The third part of writer-director Alexander Zeldin’s trilogy of plays has just opened at the National Theatre. Faith, Hope and Charity follows 2017’s Beyond Caring and last year’s LOVE – which was also adapted for BBC Two, produced by Friends star David Schwimmer.
Taking the front line of the fight against poverty right to the heart of the theatre establishment is just one of Zeldin’s missions.
a quarter of the population is living below the poverty line, foodbank use is going bananas – so this is not a special interest piece
“I get asked why I need to tell these stories. But a quarter of the population is living below the poverty line, foodbank use is going bananas – so this is not a special interest piece. It is a barometer of what is going on in the country. And not just for the poorest people but for everybody. It is about what we believe is care, what we believe is nurture,” he says.

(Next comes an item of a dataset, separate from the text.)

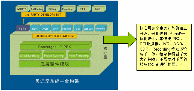 值得一提的是,在穩(wěn)定性上,奧迪堅(jiān)IP一體化呼叫中心平臺(tái)系統(tǒng)構(gòu)架,從產(chǎn)品設(shè)計(jì)之初就突破了以住基于交換機(jī)或板卡的傳統(tǒng)模式,在一臺(tái)通訊服務(wù)器上高度融合了呼叫中心的所有常用功能,有效避免了復(fù)雜的網(wǎng)絡(luò)連接和眾多的各類交換機(jī)和外掛設(shè)備,各個(gè)設(shè)備相對(duì)獨(dú)立兼容性差所給呼叫中心系統(tǒng)所帶的穩(wěn)定性欠佳的隱患。除此之外,奧迪堅(jiān)呼叫中心系統(tǒng)底層硬件模塊是在美國(guó)設(shè)計(jì)生產(chǎn)的,通過北美和中國(guó)的嚴(yán)格的電信入網(wǎng)測(cè)試;相對(duì)于硬件,平臺(tái)軟件也都是由奧迪堅(jiān)自主開發(fā)設(shè)計(jì)的,針對(duì)不同的硬件采用不同的驅(qū)動(dòng)模塊,軟硬一體在交換層又使用統(tǒng)一的邏輯接口,結(jié)構(gòu)清晰,層次合理,不僅保障了穩(wěn)定而且便于擴(kuò)展(如下圖所示),整個(gè)系統(tǒng)作為一個(gè)整體統(tǒng)一擴(kuò)展,不需要對(duì)不同的服務(wù)器分別進(jìn)行擴(kuò)展,有效避免了傳統(tǒng)呼叫中心構(gòu)建方式在擴(kuò)展方面存在的復(fù)雜性問題以及高額的擴(kuò)展費(fèi)用。
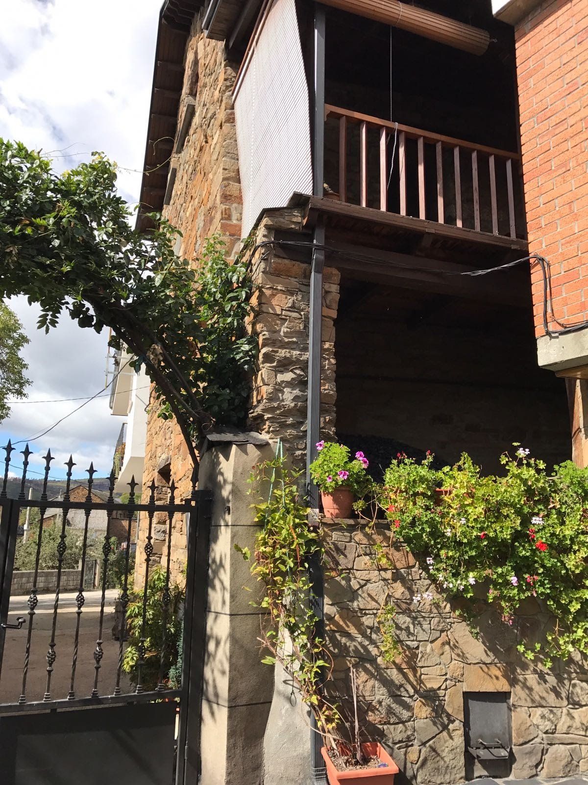 El acceso a la vivienda se realiza a través de un patio privado con jardín en el que podemos disfrutar no sólo de los paisajes que desde él se ven sino del pequeño paraíso que allí han creado los propietarios, este rincón dispone no sólo de una mesa con bancos en el que descansar y relajarse sino de una barbacoa con horno de barro en el que poder degustar los deliciosos productos de la zona.

“I am not particularly interested in telling political stories, I’m interested in human feelings. But it is human feelings through the prism of what we are living through today. And the austerity measures of the last nine years are the defining political feature of the era.”
I am interested in seeing what nine years of austerity can teach us about faith and hope
The play, it could be argued, shows David Cameron’s misguided Big Society idea in action. Drastic budget cuts hammering public services in the hope that charities and grassroots organisations will compensate.
“In all these places, it is left to the vulnerable to help with the most vulnerable,” says Zeldin, who toured community organisations, choirs, foodbanks and church groups across the country in preparation for the play – meeting people, leading workshops with his cast, talking to people living in poverty.